Customer Experience News & Trends

What customers hate — and love — about online service

As much as customers love the convenience of online service, they hate some of the nuances.

In fact, some online trends are about as ill-fated as mullets and bell bottoms.

Here are three things customers hate about online service, according to an industry report from IntelliResponse Systems Inc. Even better, though, are the three things that follow, which they love — and you’ll want to incorporate — or continue providing — in your online services.

Hate #1: Slow answers

More than half of online customers will abandon an online shopping cart they’ve already filled if they can’t find a quick answer to their questions, a Forrester Research Inc., study found. Even worse, most of them will just move to another company with a few swipes of the mouse to get what they want.

Tip: If you offer point-of-sale online, you have to be able to give immediate answers when customers shop — just like you would if a customer was in a physical store. You don’t necessarily have to offer chat, but if you don’t it’s best to post a toll-free number on every web page and be staffed so service reps can pick up phone immediately if customers call with a question about what they see online.

Hate #2: Unreliable data

The good news is that 75% of customers prefer to use online support, so they won’t even bother your service pros with basic questions and issues, a Coleman Parkes survey found. Their gripe is that online support is often unreliable, and the most accurate, up-to-date information isn’t always available.

Tip: The best online service providers create a role for online content quality control. At least one person checks data at least daily and updates it as needed so customers and service pros see the most accurate, current information.

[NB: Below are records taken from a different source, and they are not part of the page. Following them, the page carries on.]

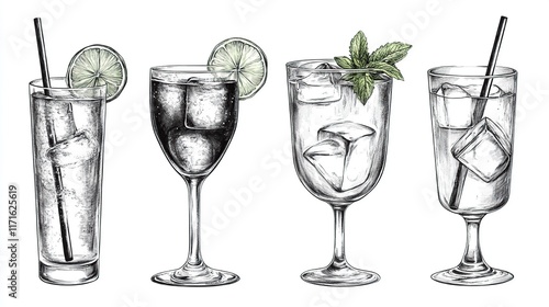 Hand-drawn illustration of four refreshing iced cocktails in different glasses with lime and mint garnishes.
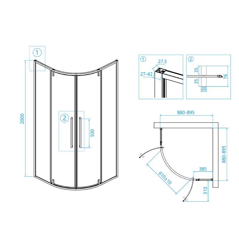 Размеры с диапазоном регулировок (ШхД): 880-895 х 880-895 мм.
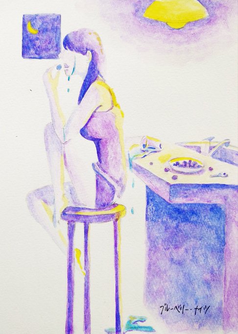 ブルーベリー・ナイツ 運命の誰か、私を潰して食べて 誰でもいいよ、私をすくって食べて #マカロニえんぴつ #イラスト好きな人と繋がりたい #絵描きさんと繋がりたい #アナログイラスト #春の創作クラスターフォロー祭り #芸術の輪
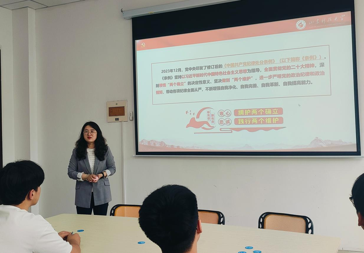 本次党课围绕《中国共产党纪律处分条例》展开,紧扣习近平总书记关于严明党的纪律建设的重要论述,阐明了《条例》的历次修订情况,深刻分析其重要意义,逐条讲解《条例》修订部分的主要内容,敦促党员青年认真学习并领会其主旨要义。
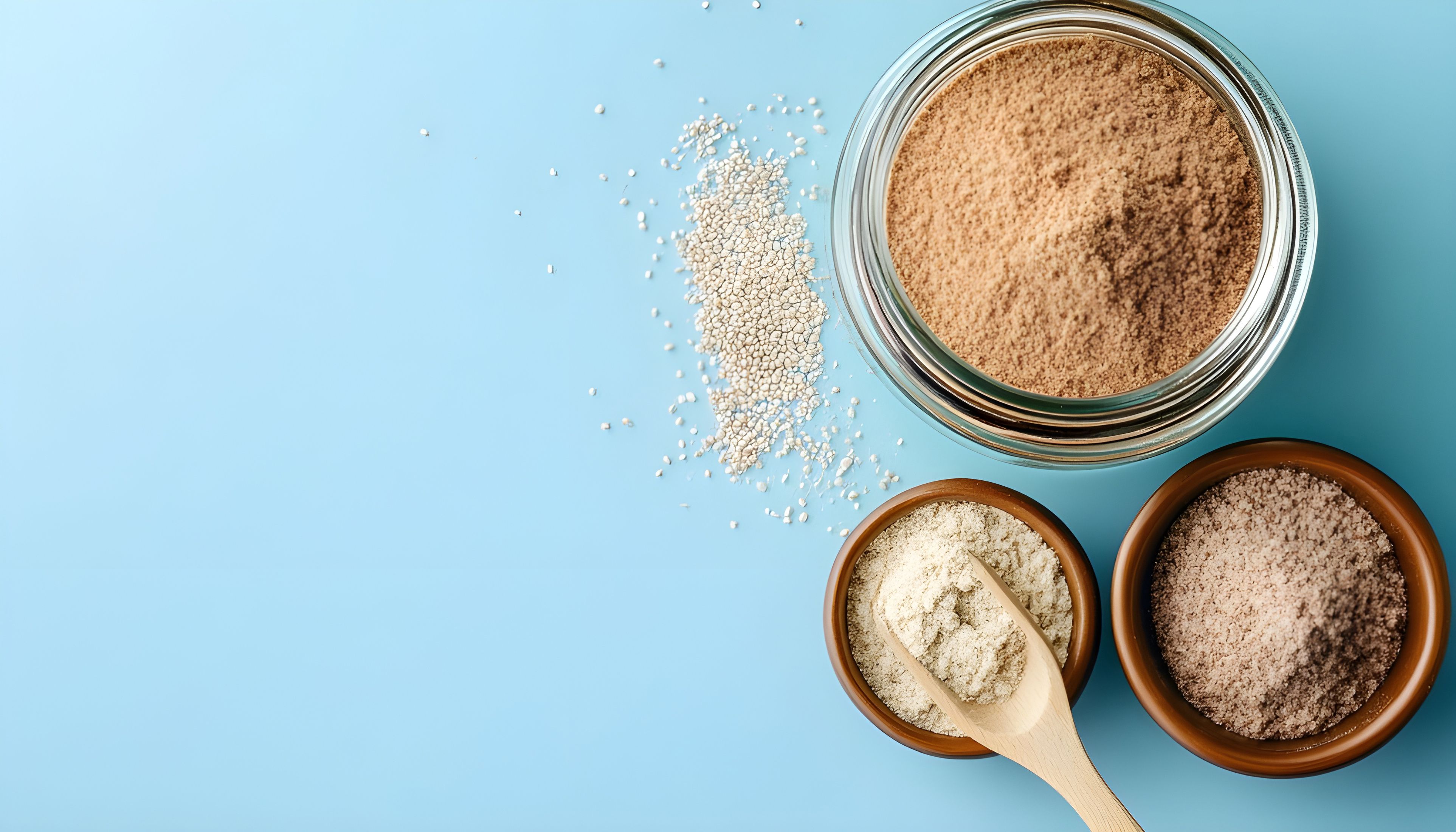 Aromatische Mehle: Hafermehl mild-süss, Hirse nussig, Teff kräftig. Ideal für Brot, Muffins oder Pfannkuchen. Meist Bindemittel wie Flohsamenschalen hinzufügen.
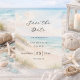 A watercolored sandy beach, sand dunes, ocean waves background. Personalize and add a date and your names. The text: Save the Date is written with a large trendy hand lettered style script.
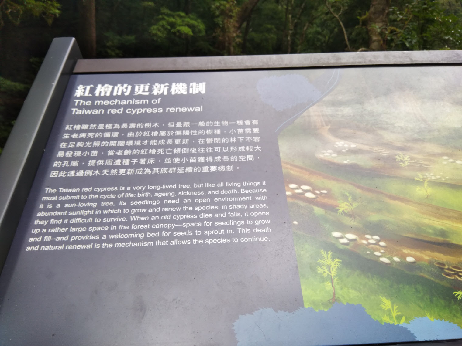 倒木上的導覽說明了自然界的更新機制,這個重大意義就是為後代提供了生機
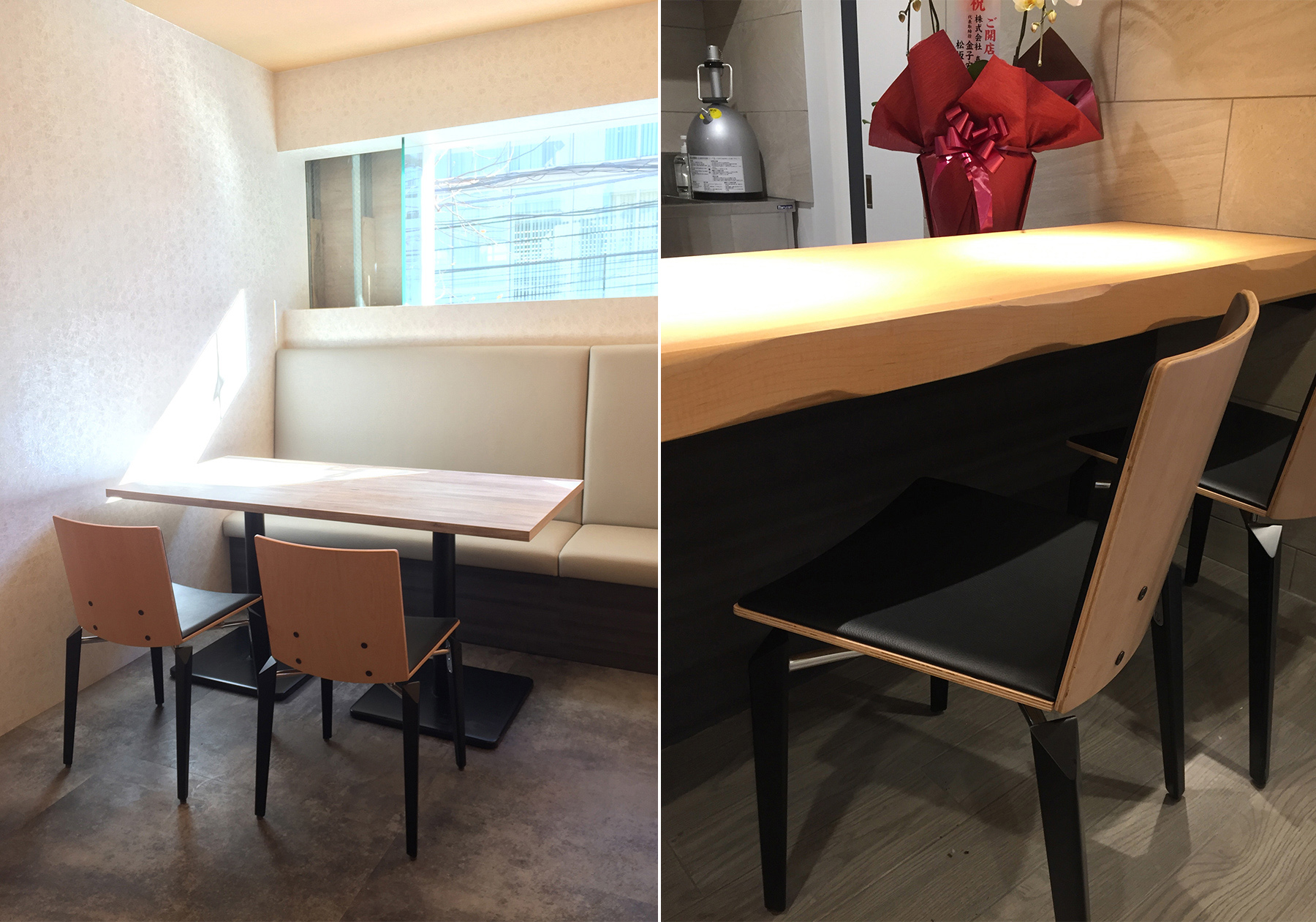 そんな中、先日、代官山のフレンチレストランにチェアを納品させていただきました。オーナーシェフはご自宅でも当社のダイニングセットをお使いいただいていて、今回、フレンチレストランをオープンするにあたり、相談にいらして下さいました。いろいろとお試し頂き、気に入って下さったのがCERVO(AD-861DA)です。Simplicité(単純な、簡素な)という店名のイメージにもピッタリな、座が浮遊したような軽やかでシンプルなデザインが特徴のチェアです。内装パースを拝見させていただいたり、お話を伺いながらチェアの色や素材をアドバイスさせていただきました。また、オープンキッチンが見えるカウンターやテーブルはすでにご用意されておりましたので、テーブルとチェアの高さ関係等も入念にお打ち合わせさせていただきました。特にフレンチはフォークとナイフでお食事されますので、高さのバランスが悪いとお食事しにくいので、細かい配慮が必要です。納品当日は、1月2日のオープンに向けて内装の仕上げや準備の最中でした。お選びいただいたチェアの色もお店の雰囲気にマッチしていて、オーナーも大変喜んでくださいました。この空間でどんなお料理が提供されるのか楽しみです。

Hate #3: Quiet experiences

Customers say the ideal online customer service experience involves live chat when they need it. In fact, more than 60% say they’d more likely return to a site if the company offered live chat, a Forrester Research report found.

Tip: Customers will always call with complex and emotional issues. But there will be fewer of those if customer service reps can solve the little issues via chat on first contact. So invest in more chat training and resources.

Love #1: Customer history

Customers love it when they call and a service rep knows about the chat they had the previous day, an email from last week and another call before that. Consistency across channels is key to a great overall experience.

Tip: Customers expect that the person who picks up the phone will know all about them and their history with the issue or the company over time. Sure, the right resources in place will help manage that history and make it possible for service pros to see what’s happened and should happen. But it’s only as effective as the people following through with the information. Training will ensure front-line employees know how to input the right data. Incentives will ensure they actually do it.

Love #2: Mobile

Mobile is nothing new. But the desire to do everything they can do from a desk or their home while on the go is something customers crave and demand now. In fact, a Kelsey Report predicts that mobile searches — for products, service providers, comparisons and information in general — will generate more than almost 187 billion more queries than desktop searches by next year.

Tip: Go mobile. The best way is to make sure your website is mobile-friendly. Even better, make it possible for customers to contact Customer Service with one touch on each mobile-friendly page.

Love #3: Ease

Universal forms, customer portals and online scheduling are just three of customers’ favorite things that have made doing business easier. Customers like that they have less work on their side of relationships — and they’ll continue to buy from and partner with the companies that make it easiest to do business.

Tip: Meet regularly with front-line customer service professionals to map and go through the customer journey. They can recognize the things that tie them up the most, and likely bother customers, too. Then work on ways to eliminate those delays, issues or hiccups.